The input:
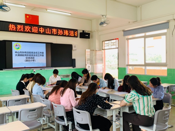 2022年5月17日上午,中山市孫瑋潔名班主任工作室與大涌鎮(zhèn)趙苑珍名班主任工作室交流活動(dòng)在大涌鎮(zhèn)旗北小學(xué)舉行,市孫瑋潔名班主任工作室主持人孫瑋潔、大涌鎮(zhèn)嵐田中心小學(xué)萬彬彬副校長(zhǎng)、旗北小學(xué)胡小琴副校長(zhǎng)、大涌鎮(zhèn)趙苑珍名班主任工作室主持人趙苑珍以及兩個(gè)工作室的學(xué)員三十余人參加了本次的研課活動(dòng)。
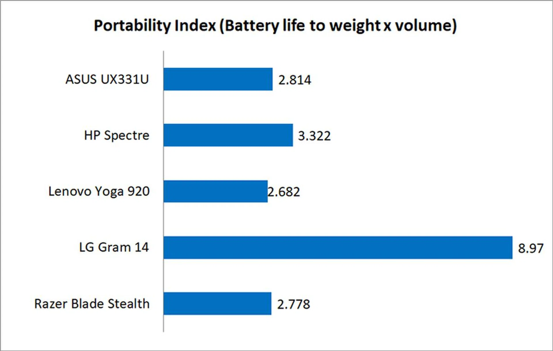 Our portability index takes into account battery life, weight, and volume to provide a measure of how easy a notebook is to carry around relative to other compared systems.
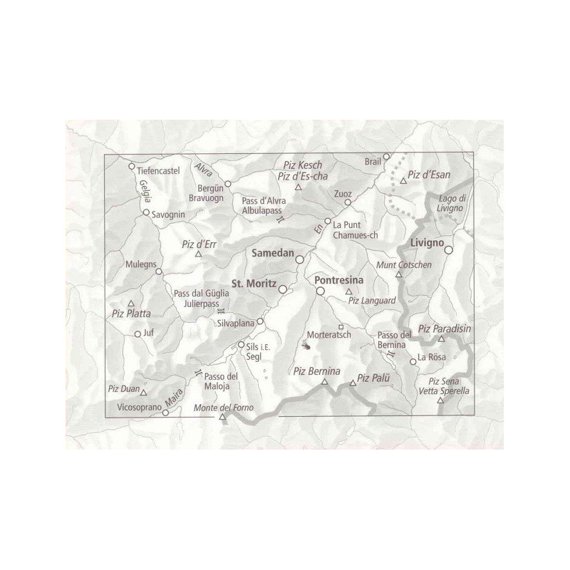 Carta escursionistica in scala 1:50 000 con reticolo UTM con tutti i sentieri segnalati, legenda e informazioni in tedesco, francese, italiano e inglese, che comprende la zona di Bergun, Piaz d'Esan, Livigno, Piz Palu, Piz Bernina, Pontresina, St Moritz
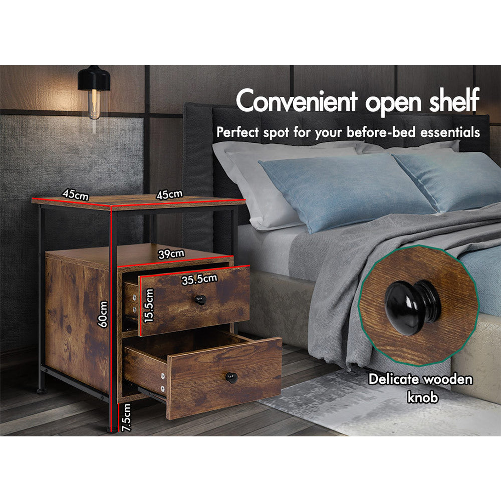 The bedside table can serve as a functional addition at the side of your bed. It provides a surface to place necessary items like a lamp, a laptop, a book, a glass of water, medicine or vitamin pills, or whatever else you may want to keep close by the bed. It also features a open shelf, which provides the perfect spot to slot your latest read, tablet or magazines. Not least, featuring 2 spacious drawers, it provides ample storage so that those items you store away in the drawers won't gather dust.
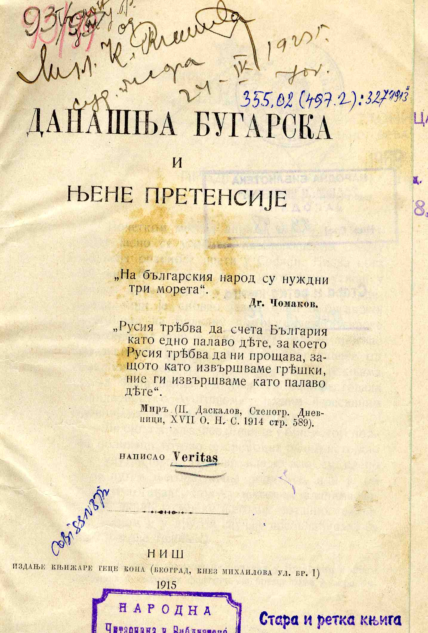 Naslov: Današnja Bugarska i njene pretensije / napisao Veritas
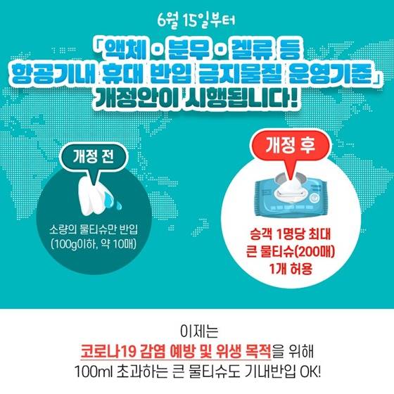 * 의료 목적 물티슈 제외 물티슈는 액체류로 취급되어 100ml 초과 액체류 기내반입 제한 규정의 적용을 받았기 때문! 6월 15일부터, 액체·분무·겔류 등 항공기내 휴대 반입 금지물질 운영기준개정안이 시행됩니다! - 개정 전 : 소량의 물티슈만 반입 (100g이하, 약 10매) - 개정 후 : 승객 1명당 최대 큰 물티슈(200매) 1개 허용 이제는 코로나19 감염 예방 및 위생 목적을 위해 100ml 초과하는 큰 물티슈도 기내반입 OK! 보안검색대도 걱정 NO! 보안검색 과정에서 해당제품에 대한 압수·폐기 과정이 사라져 여객 편의가 향상됩니다.
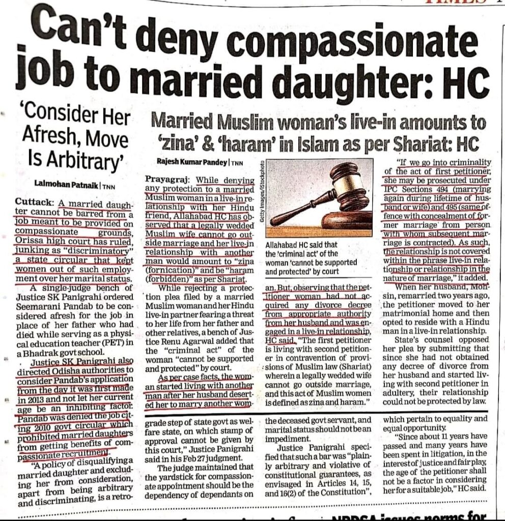 Legal News…Can’t deny compassionate job to married daughter: Orissa High Court and Married Muslim woman’s live-in relationship amounts to ‘zina’ and ‘haram’ in Islam as per Shariat: Allahabad High Court. Leave a Comment / Uncategorized / By admin_nupur Share 0 Post 0 Share Whatsapp 0Shares
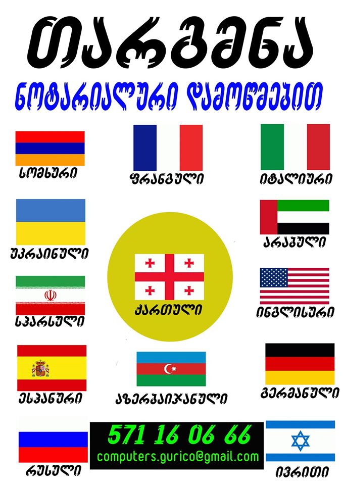 თარგმნა + ნოტარიალური დამოწმება
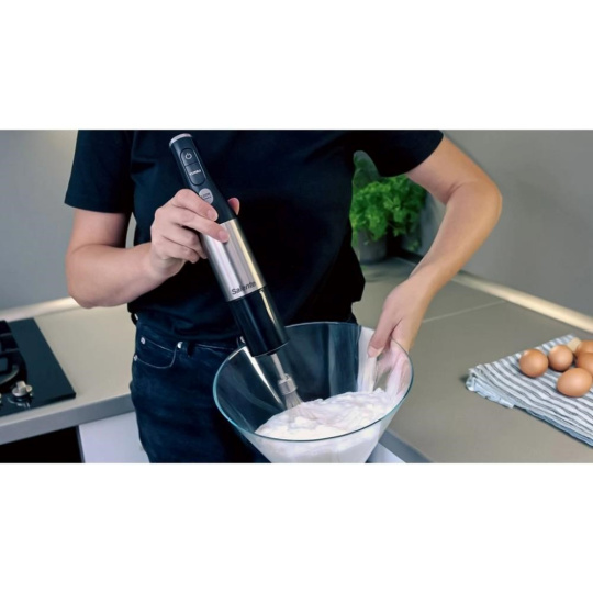 - Špeciálna kombinácia ergonómie a drsnej povrchovej úpravy úchopovej časti mixéra zabezpečuje pevnú úchop aj v každej situácii
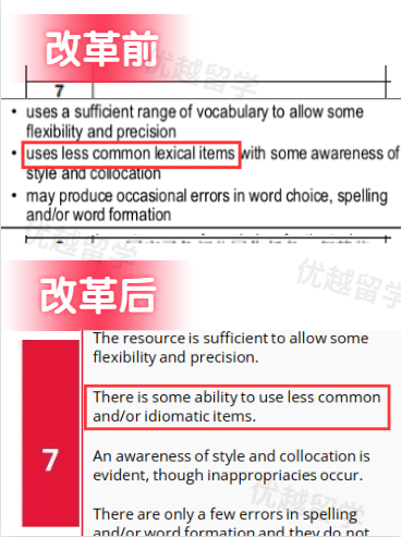 舊版 評分標準中:7分要求“使用不太常見的詞條”(use less common lexical items), 簡單說,就是要求使用高端表達。
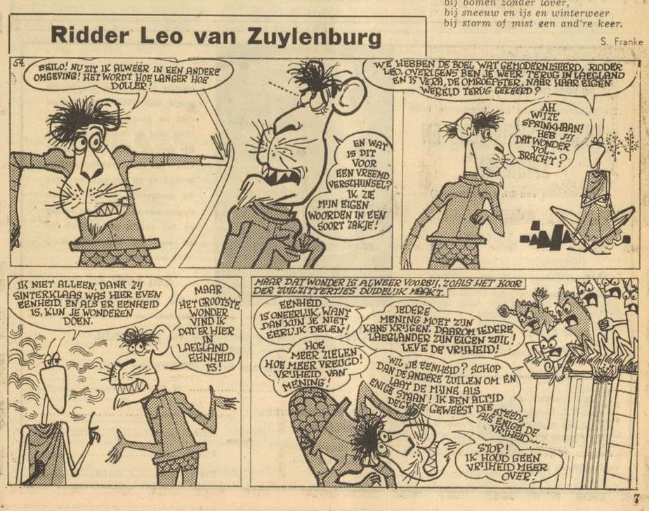 Between 1959 and at least 1961, Thé and scriptwriter Lo Hartog van Banda also made a weekly children's comic strip for Vrije Geluiden, the magazine of broadcasting corporation VPRO. The funny animal strip took off on 28 November 1959 and starred 'Ridder Leo van Zuylenburg', a lion knight described as a "brave fighter against injustice" in the kingdom of Laegland ("Lowland", referring to the "Low Countries" to which the Netherlands belong). The feature started out as a typical text comic, with text and dialogues underneath the images, but on 10 December 1960 it changed to the more contemporary balloon comic format.
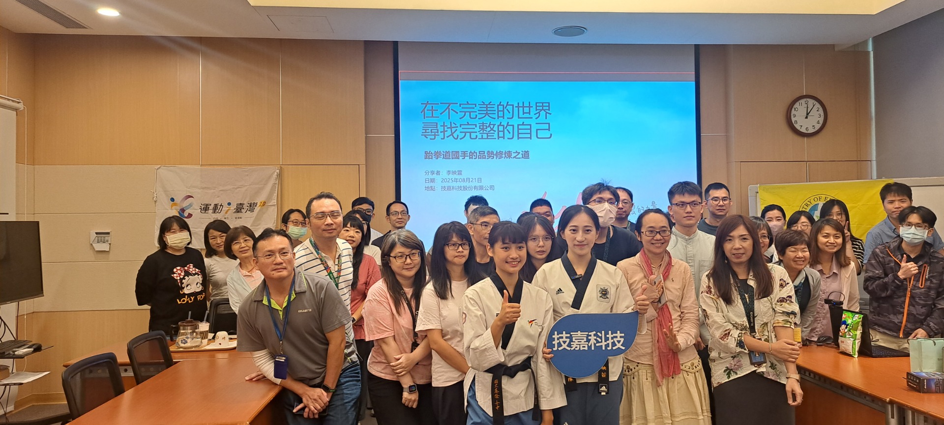 B區也舉辦了多場金牌選手講座,其中在技嘉舉辦的專場,由跆拳道品勢好手李映萱與企業員工面對面交流。她不僅分享多年來在國際賽場的心路歷程,更以堅毅精神鼓舞大家勇於突破自我、挑戰極限。另一場在功得電子舉辦的活動則由跆拳道品勢選手李晟綱登場,親自示範跆拳道擊破木板的震撼瞬間,帶動現場熱血氛圍。即席互動結合生動教學,不僅展現專業技術,也讓員工親身體驗武術的力量與專注,贏得熱烈掌聲。

Your assignment:
Take the listing above and retype it exactly. Its pictures are to be omitted.

Reply:
 2022年5月17日上午,中山市孫瑋潔名班主任工作室與大涌鎮(zhèn)趙苑珍名班主任工作室交流活動(dòng)在大涌鎮(zhèn)旗北小學(xué)舉行,市孫瑋潔名班主任工作室主持人孫瑋潔、大涌鎮(zhèn)嵐田中心小學(xué)萬彬彬副校長(zhǎng)、旗北小學(xué)胡小琴副校長(zhǎng)、大涌鎮(zhèn)趙苑珍名班主任工作室主持人趙苑珍以及兩個(gè)工作室的學(xué)員三十余人參加了本次的研課活動(dòng)。
 Our portability index takes into account battery life, weight, and volume to provide a measure of how easy a notebook is to carry around relative to other compared systems.
 Carta escursionistica in scala 1:50 000 con reticolo UTM con tutti i sentieri segnalati, legenda e informazioni in tedesco, francese, italiano e inglese, che comprende la zona di Bergun, Piaz d'Esan, Livigno, Piz Palu, Piz Bernina, Pontresina, St Moritz
 The bedside table can serve as a functional addition at the side of your bed. It provides a surface to place necessary items like a lamp, a laptop, a book, a glass of water, medicine or vitamin pills, or whatever else you may want to keep close by the bed. It also features a open shelf, which provides the perfect spot to slot your latest read, tablet or magazines. Not least, featuring 2 spacious drawers, it provides ample storage so that those items you store away in the drawers won't gather dust.
 Naslov: Današnja Bugarska i njene pretensije / napisao Veritas
 * 의료 목적 물티슈 제외 물티슈는 액체류로 취급되어 100ml 초과 액체류 기내반입 제한 규정의 적용을 받았기 때문! 6월 15일부터, 액체·분무·겔류 등 항공기내 휴대 반입 금지물질 운영기준개정안이 시행됩니다! - 개정 전 : 소량의 물티슈만 반입 (100g이하, 약 10매) - 개정 후 : 승객 1명당 최대 큰 물티슈(200매) 1개 허용 이제는 코로나19 감염 예방 및 위생 목적을 위해 100ml 초과하는 큰 물티슈도 기내반입 OK! 보안검색대도 걱정 NO! 보안검색 과정에서 해당제품에 대한 압수·폐기 과정이 사라져 여객 편의가 향상됩니다.
 Legal News…Can’t deny compassionate job to married daughter: Orissa High Court and Married Muslim woman’s live-in relationship amounts to ‘zina’ and ‘haram’ in Islam as per Shariat: Allahabad High Court. Leave a Comment / Uncategorized / By admin_nupur Share 0 Post 0 Share Whatsapp 0Shares
 თარგმნა + ნოტარიალური დამოწმება
 - Špeciálna kombinácia ergonómie a drsnej povrchovej úpravy úchopovej časti mixéra zabezpečuje pevnú úchop aj v každej situácii
 舊版 評分標準中:7分要求“使用不太常見的詞條”(use less common lexical items), 簡單說,就是要求使用高端表達。
 Between 1959 and at least 1961, Thé and scriptwriter Lo Hartog van Banda also made a weekly children's comic strip for Vrije Geluiden, the magazine of broadcasting corporation VPRO. The funny animal strip took off on 28 November 1959 and starred 'Ridder Leo van Zuylenburg', a lion knight described as a "brave fighter against injustice" in the kingdom of Laegland ("Lowland", referring to the "Low Countries" to which the Netherlands belong). The feature started out as a typical text comic, with text and dialogues underneath the images, but on 10 December 1960 it changed to the more contemporary balloon comic format.
 B區也舉辦了多場金牌選手講座,其中在技嘉舉辦的專場,由跆拳道品勢好手李映萱與企業員工面對面交流。她不僅分享多年來在國際賽場的心路歷程,更以堅毅精神鼓舞大家勇於突破自我、挑戰極限。另一場在功得電子舉辦的活動則由跆拳道品勢選手李晟綱登場,親自示範跆拳道擊破木板的震撼瞬間,帶動現場熱血氛圍。即席互動結合生動教學,不僅展現專業技術,也讓員工親身體驗武術的力量與專注,贏得熱烈掌聲。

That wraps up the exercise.